Phospholamban and troponin I are substrates for protein kinase C in vitro but not in intact beating guinea pig hearts.

Abstract

The incorporation of [32P]inorganic phosphate into membranous, myofibrillar, and cytosolic proteins was studied in Langendorff-perfused guinea pig hearts treated with phorbol 12-myristate 13-acetate (PMA) or 1,2-dioctanoylglycerol (D8G), which are potent activators of protein kinase C. Control hearts were perfused with an inactive phorbol ester (4 alpha-phorbol 12,13-didecanoate), which does not cause activation of protein kinase C. To ensure the blockade of different receptor systems, the perfusions were carried out in the presence of prazosin, propranolol, and atropine. Perfusion of hearts with either PMA (4 microM) or D8G (200 microM) was associated with a negative effect on left ventricular inotropy and relaxation.

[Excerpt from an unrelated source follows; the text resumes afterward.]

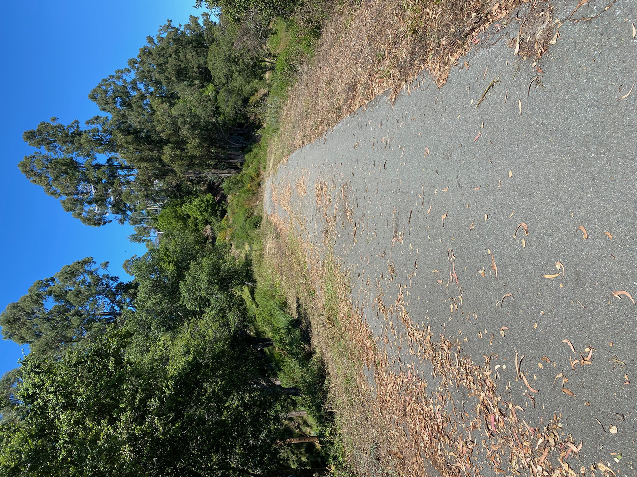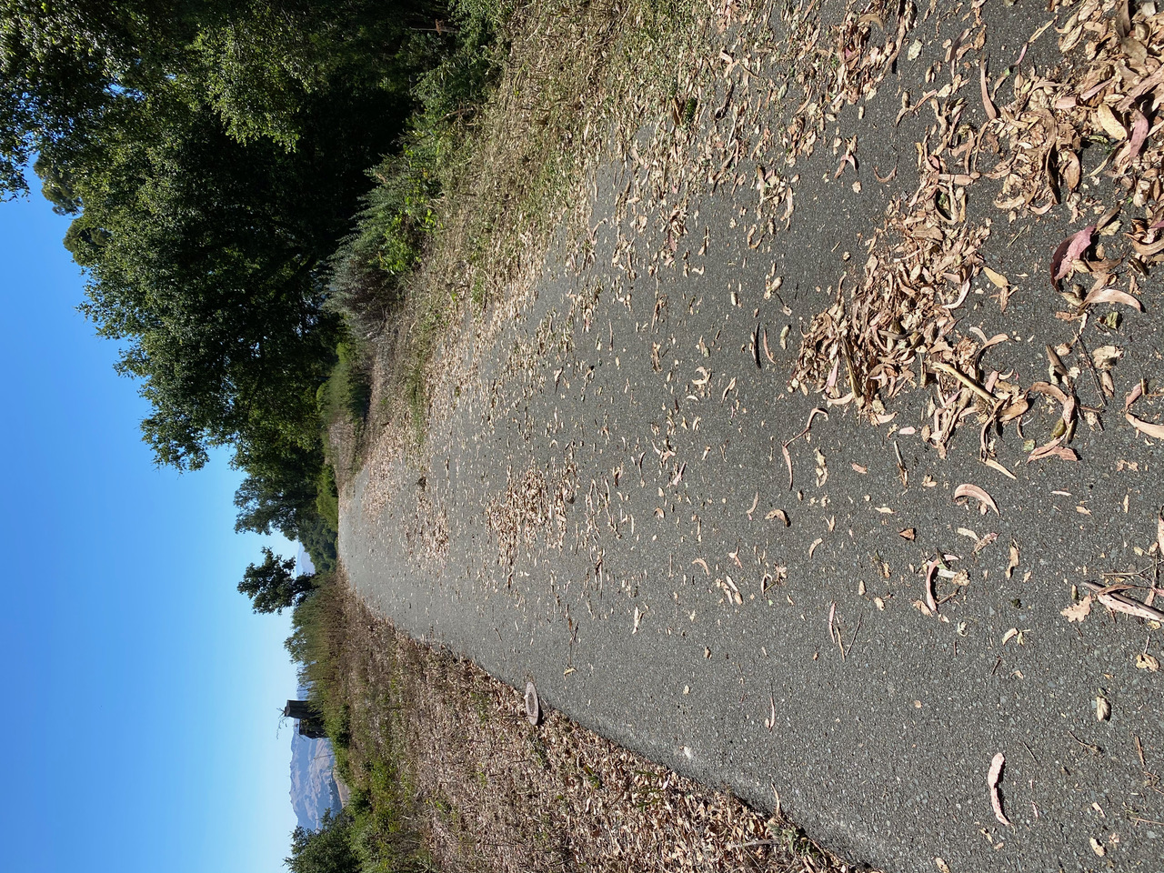 Now I think I know why I had that unfortunate encounter with mama turkey down the hill at Siesta Gate. This stretch of the road near the radio tower is frequented by a flock of turkeys. I see them almost every time I am up here by myself. They are never bothered by my presence, even at close range, and I have never been afraid of them. It’s a peaceful, mutually respectful co-existence. Perhaps the brush-clearing disturbance up here had scattered the birds. Mama turkey might have fled down the hill with her brood, only to be startled by me at Siesta Gate. I have never seen turkeys down there before.

Examination of the 32P incorporation into various fractions revealed that there were no increases in the degree of phosphorylation of phospholamban in sarcoplasmic reticulum, and troponin I and C protein in the myofibrils, although these proteins were found to be substrates for protein kinase C in vitro. However, in the same hearts, there were significant changes in the 32P incorporation into a 28-kDa cytosolic-protein. Examination of the activity levels of protein kinase C in hearts perfused with PMA indicated a redistribution of this activity from the cytosolic to the membrane fraction, suggesting the activation of the enzyme in vivo. These findings indicate that cardiac regulatory phosphoproteins, which may be phosphorylated by protein kinase C in vitro, are not substrates for protein kinase C in beating hearts perfused with phorbol esters or diacylglycerol analogues.